Robbie Painter

Personal information
- Full name: Peter Robert Painter
- Date of birth: 26 January 1971 (age 54)
- Place of birth: Wigan, England
- Height: 5 ft 10 in (1.78 m)
- Position(s): Striker

Youth career
- Chester City

Senior career*
- Years: Team / Apps / (Gls)
- 1987–1991: Chester City / 84 / (8)
- 1991–1992: Maidstone United / 30 / (5)
- 1992–1993: Burnley / 26 / (2)
- 1993–1996: Darlington / 115 / (28)
- 1996–1999: Rochdale / 112 / (30)
- 1999–2001: Halifax Town / 58 / (8)
- 2001–2002: Gateshead / 41 / (7)
- 2002–2003: Bradford (Park Avenue)
- 2003–c.2004: Ossett Town
- c.2004–2005: Emley
- 2005–20??: Guiseley

= Robbie Painter =

English footballer

Robbie Painter (born 26 January 1971) is an English former professional footballer. He played in the Football League for six clubs between 1987 and 2001, usually as a striker.

==Playing career==
Painter was just 16 when he made his Football League debut as a substitute for Chester City at Bristol City on 21 November 1987. Although he appeared again from the bench a fortnight later against Doncaster Rovers, Painter then had to wait more than a year for his next first-team action. He began to play regularly towards the end of the 1988–89 season, alongside fellow homegrown youngsters Aidan Newhouse, Chris Lightfoot and Colin Woodthorpe.
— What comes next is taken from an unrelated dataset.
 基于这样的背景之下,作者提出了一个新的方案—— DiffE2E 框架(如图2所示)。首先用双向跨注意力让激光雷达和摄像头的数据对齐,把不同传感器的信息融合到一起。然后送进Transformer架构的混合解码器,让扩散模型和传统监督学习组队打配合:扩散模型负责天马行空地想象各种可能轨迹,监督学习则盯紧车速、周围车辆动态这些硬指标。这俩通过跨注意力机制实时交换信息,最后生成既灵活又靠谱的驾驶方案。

He remained involved in first-team duties for the next two years but at the end of the 1990–91 season he opted to join Fourth Division club Maidstone United for an initial £30,000 along with teammate Neil Ellis.

After less than a year at Maidstone, Painter returned north by joining Burnley for £25,000, helping them clinch the Fourth Division title. He holds the honour of scoring the division's last goal before the leagues were rebranded. A year later he moved on again to Darlington in another £25,000 deal. Painter's three-year stint at Feethams included an appearance at Wembley Stadium in the Division Three play–off final against Plymouth Argyle, where Darlington suffered a 1–0 defeat.
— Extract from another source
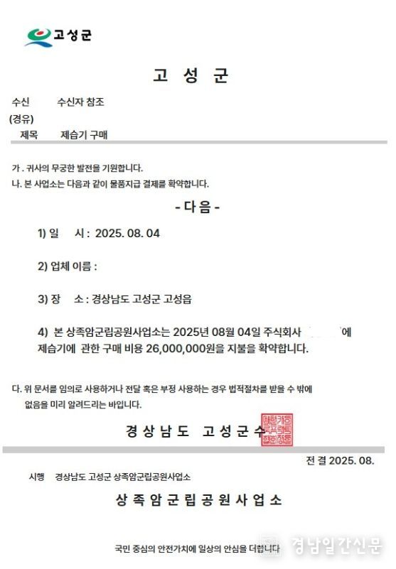 경남일간신문 | 최근 고성군 관내에서 공무원 사칭과 허위 공문서를 활용한 물품 구매 유도 사기 사건이 발생해 각별한 주의가 요구된다.

Painter moved in October 1996 to Rochdale, where his former Chester teammate, Graham Barrow, was manager. He spent three years at Spotland and then moved across the Pennines to Halifax Town, where he played his final Football League match against Darlington on 28 April 2001.

He has since played for non-league sides Gateshead, Bradford (Park Avenue), Ossett Town, Emley and Guiseley.

==Honours==
Burnley
- Football League Fourth Division champions: 1991–92
Darlington
- Football League Third Division play–off finalists: 1995–96.